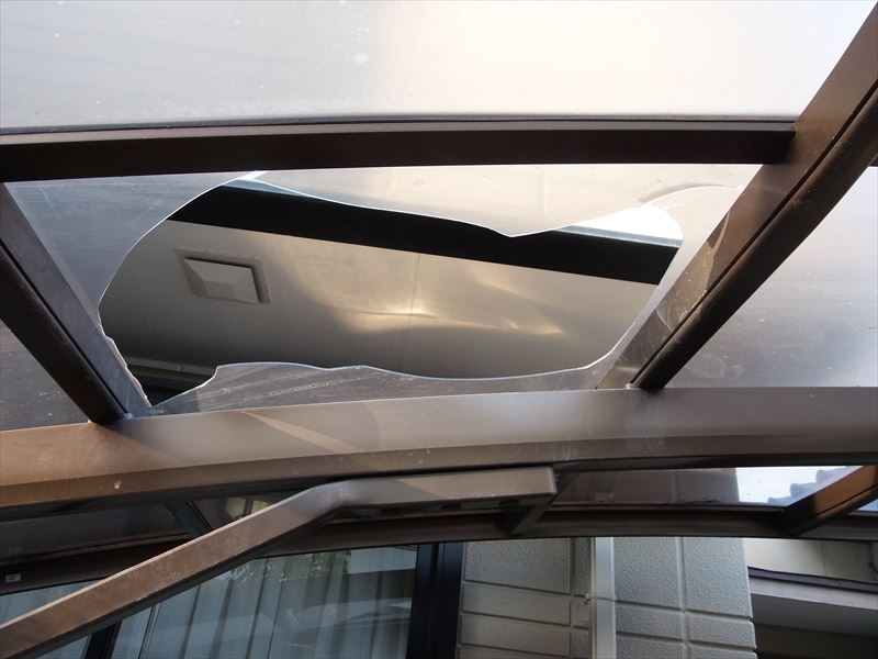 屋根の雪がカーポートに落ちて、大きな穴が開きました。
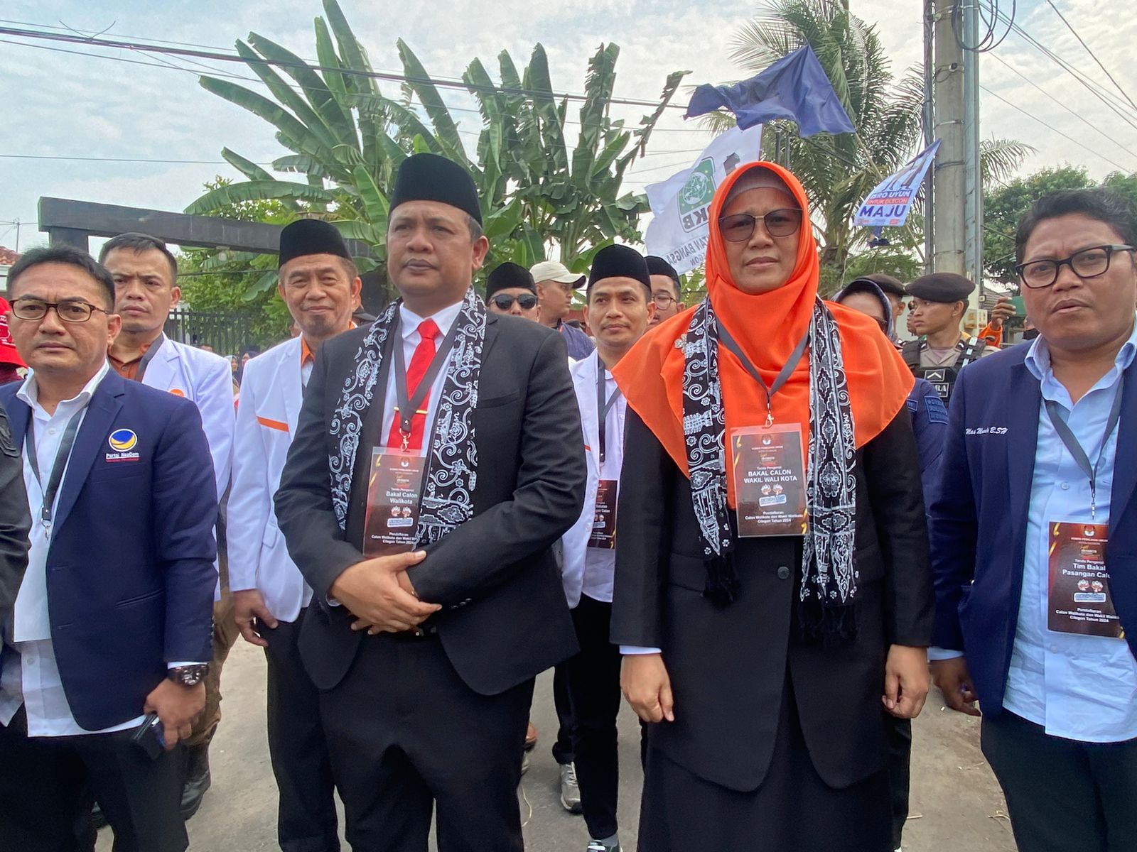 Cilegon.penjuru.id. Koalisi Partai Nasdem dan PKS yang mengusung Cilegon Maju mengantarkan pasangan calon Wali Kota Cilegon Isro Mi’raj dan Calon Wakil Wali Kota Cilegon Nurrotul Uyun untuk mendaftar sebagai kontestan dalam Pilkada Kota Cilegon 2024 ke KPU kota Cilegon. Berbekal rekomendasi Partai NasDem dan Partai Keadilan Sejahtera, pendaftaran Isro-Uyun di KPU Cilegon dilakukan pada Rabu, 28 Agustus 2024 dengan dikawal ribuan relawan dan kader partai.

++++

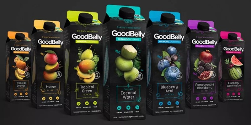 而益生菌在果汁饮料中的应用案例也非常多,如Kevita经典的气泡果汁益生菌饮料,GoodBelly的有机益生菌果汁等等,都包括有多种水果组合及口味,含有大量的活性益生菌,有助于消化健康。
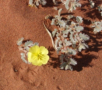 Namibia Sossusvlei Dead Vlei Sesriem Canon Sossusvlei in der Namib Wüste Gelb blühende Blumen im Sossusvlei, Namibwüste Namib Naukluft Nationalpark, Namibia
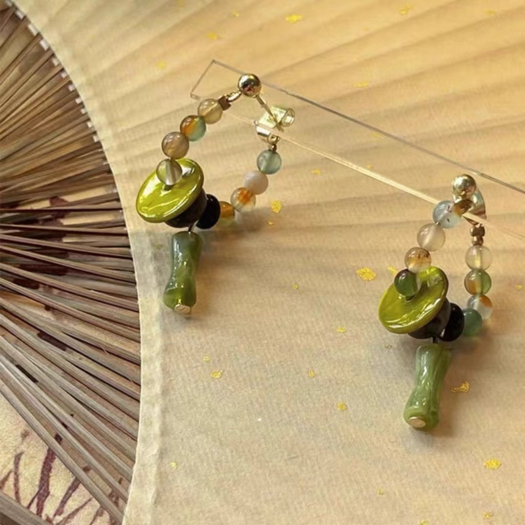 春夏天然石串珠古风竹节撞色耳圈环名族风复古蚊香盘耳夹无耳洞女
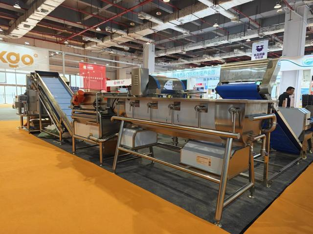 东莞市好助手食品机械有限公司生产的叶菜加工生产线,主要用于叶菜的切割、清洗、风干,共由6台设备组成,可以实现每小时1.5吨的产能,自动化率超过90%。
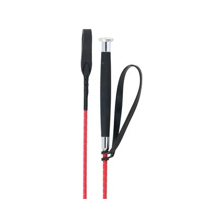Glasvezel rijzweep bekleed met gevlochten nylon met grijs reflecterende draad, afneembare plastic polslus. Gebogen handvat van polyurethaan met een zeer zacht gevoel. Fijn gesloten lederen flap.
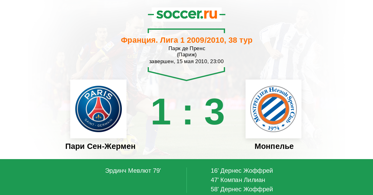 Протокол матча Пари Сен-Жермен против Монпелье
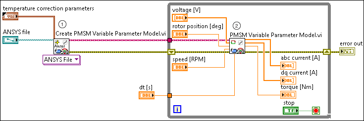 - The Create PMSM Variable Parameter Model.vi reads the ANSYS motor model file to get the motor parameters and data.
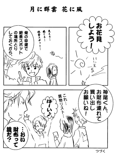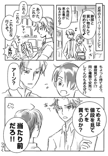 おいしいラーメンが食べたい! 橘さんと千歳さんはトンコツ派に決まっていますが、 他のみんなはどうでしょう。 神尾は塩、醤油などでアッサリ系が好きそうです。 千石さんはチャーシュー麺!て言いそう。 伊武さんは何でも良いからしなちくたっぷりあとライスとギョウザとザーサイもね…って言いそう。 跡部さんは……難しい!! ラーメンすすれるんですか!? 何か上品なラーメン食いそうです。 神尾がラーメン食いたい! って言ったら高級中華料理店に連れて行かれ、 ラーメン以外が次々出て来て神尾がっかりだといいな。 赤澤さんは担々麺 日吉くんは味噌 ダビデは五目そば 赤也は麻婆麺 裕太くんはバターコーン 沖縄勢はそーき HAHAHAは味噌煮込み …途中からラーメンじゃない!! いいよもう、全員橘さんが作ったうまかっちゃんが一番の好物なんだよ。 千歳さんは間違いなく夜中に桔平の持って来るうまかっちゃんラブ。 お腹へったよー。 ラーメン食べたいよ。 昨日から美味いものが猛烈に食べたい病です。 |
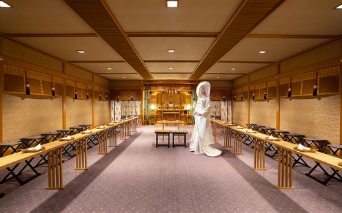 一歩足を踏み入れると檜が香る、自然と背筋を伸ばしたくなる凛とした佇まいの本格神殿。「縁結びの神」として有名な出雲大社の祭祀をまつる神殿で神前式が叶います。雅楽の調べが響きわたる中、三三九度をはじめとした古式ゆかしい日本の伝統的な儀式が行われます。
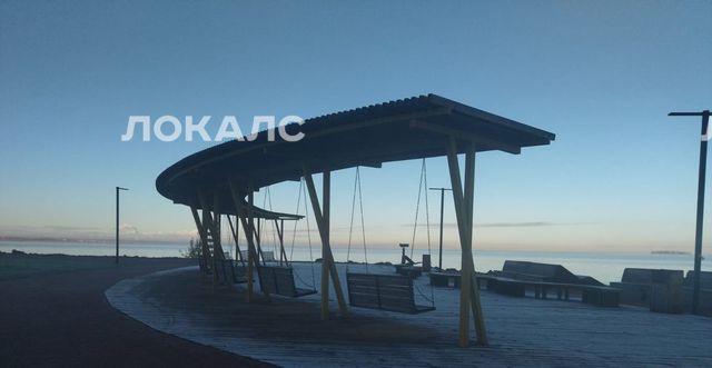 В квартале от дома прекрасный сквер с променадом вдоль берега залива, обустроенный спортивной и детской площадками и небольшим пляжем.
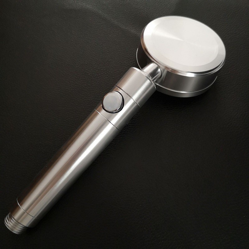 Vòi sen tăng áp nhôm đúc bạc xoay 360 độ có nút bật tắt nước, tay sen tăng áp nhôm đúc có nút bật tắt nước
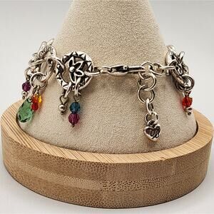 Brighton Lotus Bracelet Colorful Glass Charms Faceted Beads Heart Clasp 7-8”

++++

Activity – Within the material above, find the part that opens with the line containing "而益生菌在果汁饮料中的应用案" and closes with the line containing "Brighton Lotus Bracelet", and reproduce it exactly without the pictures.

Answer section –
 而益生菌在果汁饮料中的应用案例也非常多,如Kevita经典的气泡果汁益生菌饮料,GoodBelly的有机益生菌果汁等等,都包括有多种水果组合及口味,含有大量的活性益生菌,有助于消化健康。
 Namibia Sossusvlei Dead Vlei Sesriem Canon Sossusvlei in der Namib Wüste Gelb blühende Blumen im Sossusvlei, Namibwüste Namib Naukluft Nationalpark, Namibia
 春夏天然石串珠古风竹节撞色耳圈环名族风复古蚊香盘耳夹无耳洞女
 东莞市好助手食品机械有限公司生产的叶菜加工生产线,主要用于叶菜的切割、清洗、风干,共由6台设备组成,可以实现每小时1.5吨的产能,自动化率超过90%。
Glasvezel rijzweep bekleed met gevlochten nylon met grijs reflecterende draad, afneembare plastic polslus. Gebogen handvat van polyurethaan met een zeer zacht gevoel. Fijn gesloten lederen flap.
 Протокол матча Пари Сен-Жермен против Монпелье
 - The Create PMSM Variable Parameter Model.vi reads the ANSYS motor model file to get the motor parameters and data.
 おいしいラーメンが食べたい! 橘さんと千歳さんはトンコツ派に決まっていますが、 他のみんなはどうでしょう。 神尾は塩、醤油などでアッサリ系が好きそうです。 千石さんはチャーシュー麺!て言いそう。 伊武さんは何でも良いからしなちくたっぷりあとライスとギョウザとザーサイもね…って言いそう。 跡部さんは……難しい!! ラーメンすすれるんですか!? 何か上品なラーメン食いそうです。 神尾がラーメン食いたい! って言ったら高級中華料理店に連れて行かれ、 ラーメン以外が次々出て来て神尾がっかりだといいな。 赤澤さんは担々麺 日吉くんは味噌 ダビデは五目そば 赤也は麻婆麺 裕太くんはバターコーン 沖縄勢はそーき HAHAHAは味噌煮込み …途中からラーメンじゃない!! いいよもう、全員橘さんが作ったうまかっちゃんが一番の好物なんだよ。 千歳さんは間違いなく夜中に桔平の持って来るうまかっちゃんラブ。 お腹へったよー。 ラーメン食べたいよ。 昨日から美味いものが猛烈に食べたい病です。 |
 一歩足を踏み入れると檜が香る、自然と背筋を伸ばしたくなる凛とした佇まいの本格神殿。「縁結びの神」として有名な出雲大社の祭祀をまつる神殿で神前式が叶います。雅楽の調べが響きわたる中、三三九度をはじめとした古式ゆかしい日本の伝統的な儀式が行われます。
 В квартале от дома прекрасный сквер с променадом вдоль берега залива, обустроенный спортивной и детской площадками и небольшим пляжем.
 Vòi sen tăng áp nhôm đúc bạc xoay 360 độ có nút bật tắt nước, tay sen tăng áp nhôm đúc có nút bật tắt nước
 Brighton Lotus Bracelet Colorful Glass Charms Faceted Beads Heart Clasp 7-8”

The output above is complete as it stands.